#### TASK DIRECTIONS
Write out all the entries word for word, but skip any images.

[Records from a data collection]

┏━━

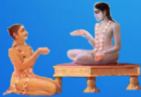
గురు శుక మహర్షి
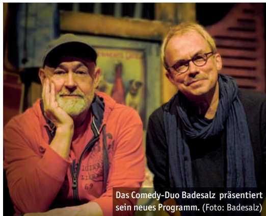
Das Comedy-Duo Badesalz präsentiert sein neues Programm.
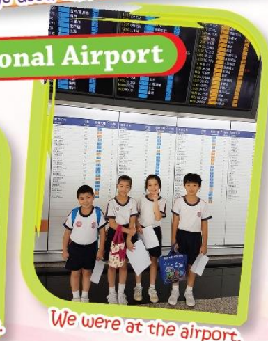
We were at the airport.
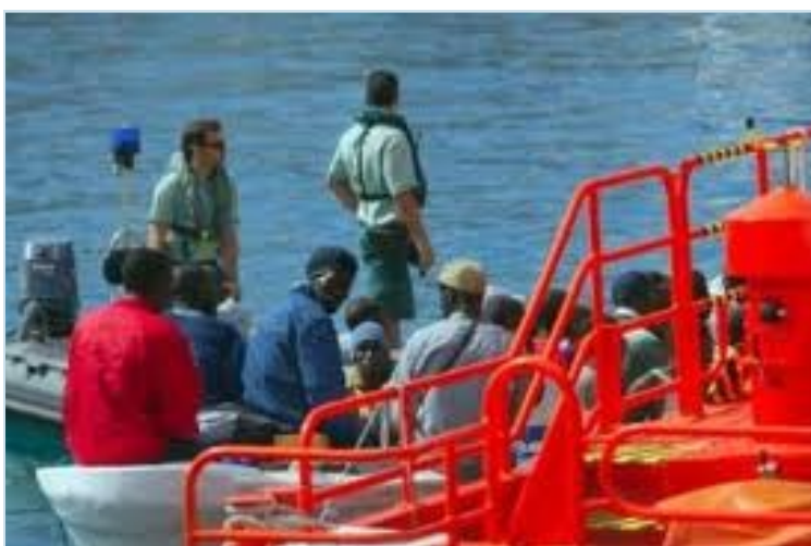
Patrullera de la Guardia Civil socorre una patera que se aproxima a la playa.

Una vez más otro gobierno ha quedado retratado para los guardias civiles: les trata como funcionarios para recortarles el sueldo y les reconvierte en militares para poder usarlos de marionetas y así manejarlos a su antojo.

┗━━

#### FINAL ANSWER
గురు శుక మహర్షి
Das Comedy-Duo Badesalz präsentiert sein neues Programm.
We were at the airport.
Patrullera de la Guardia Civil socorre una patera que se aproxima a la playa.

Una vez más otro gobierno ha quedado retratado para los guardias civiles: les trata como funcionarios para recortarles el sueldo y les reconvierte en militares para poder usarlos de marionetas y así manejarlos a su antojo.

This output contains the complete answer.